Figure 3. Overview of the asynchronous traversal and output flow-control mechanism.

Impact & Benefits

Their solution delivers substantial improvements to how bgpd handles show commands on large routing tables, all while preserving the familiar user experience. The most notable benefit is that memory usage during query execution is now stably bounded by the configured threshold, rather than growing linearly with the size of the routing table. In their tests, a threshold of 20 chunks resulted in an actual peak usage of around 80 KB—several orders of magnitude lower than the hundreds of megabytes that could previously be consumed in large-scale scenarios.

This predictable resource behavior is particularly valuable for SONiC deployments running on switches or edge platforms where memory is limited. Even in environments with very large BGP tables, a single diagnostic command no longer poses a risk of resource spikes, reducing the chance of OOM events or unexpected performance fluctuations. At the same time, the overall execution time of show commands remains essentially unchanged, since the true bottleneck is the IPC send rate rather than traversal. The asynchronous model keeps data flowing without introducing unnecessary delays.

Beyond memory optimization, the new execution model also improves system stability and responsiveness. Under the previous synchronous approach, bgpd could become occupied for extended periods while generating large outputs, delaying its ability to process other tasks. With asynchronous traversal, the daemon is no longer blocked by long-running commands, allowing it to respond more quickly to other events. For developers and operators, this results in more consistent CLI behavior, clearer resource boundaries, and an improved troubleshooting experience.

More broadly, the approach the team developed can be applied to other commands in SONiC and FRR that require traversing large internal data structures. It provides a general optimization pattern that enhances efficiency without altering functionality, ultimately contributing to a more robust foundation for large-scale network deployments.

Lessons Learned

During the Hackathon, the team gained a clearer understanding of how SONiC and FRR handle show commands internally, particularly the interaction between traversal logic, output buffer management, and IPC transmission.
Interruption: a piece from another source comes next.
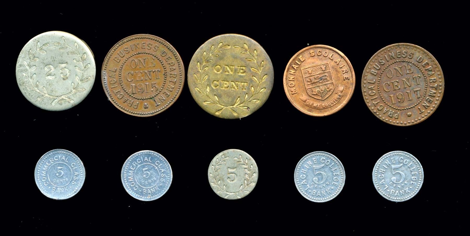 Consists of a partial set of 3 College de Hull (25 Cents Al-25 # 1880c, 5 Cents Al-15 #1880e and 1 Cent br-26 #1880f), 2 x Lachine College Al-16 5 Cents #2104e VF, 2 x Commercial Class Bank Al-16 #3847e VF, 1915 AE-26 One Cent Commercial Academy #3845f, 1917 AE-26 One Cent Academie St-Sauveur #3844f EF and 1 x AE-27 Obv: Monnaie Scolaire w/Coat of Armes and Motto of the Province of Quebec.and Rev: the number "25" in a wreath of Maple leaves VF.

Their testing confirmed that the main challenge was not traversal speed itself, but the mismatch between how quickly data is generated and how quickly it can be sent. This explains why the traditional threshold-based flush mechanism provides limited improvement at scale.

By redesigning the traversal to support suspension and resumption, they observed that maintaining a controlled execution pace is often more important than optimizing a single step in isolation, especially on resource-constrained devices. This insight is broadly applicable to other long-running or large-output commands.

In addition, working through the implementation allowed them to become more familiar with the structure of FRR modules such as bgpd, vty, and the output buffer system. It also gave them a better understanding of how to introduce safe and maintainable changes within the existing framework.

Overall, the Hackathon reinforced the importance of execution-model design in large-scale scenarios and provided valuable experience for future optimization work within SONiC and FRR.

Next Steps

Following the Hackathon implementation, the team’s next step is to extend and validate this mechanism across additional show commands that traverse large internal data structures. They plan to evaluate its general applicability, refine edge-case handling, and ensure consistent behavior under different runtime conditions.

They also intend to collaborate with the SONiC and FRR communities to discuss upstream integration and incorporate feedback to further improve the design. As the model matures, they hope it can serve as a standard approach for handling long-output commands in FRR and SONiC, enabling more predictable and stable resource usage in large-scale deployments.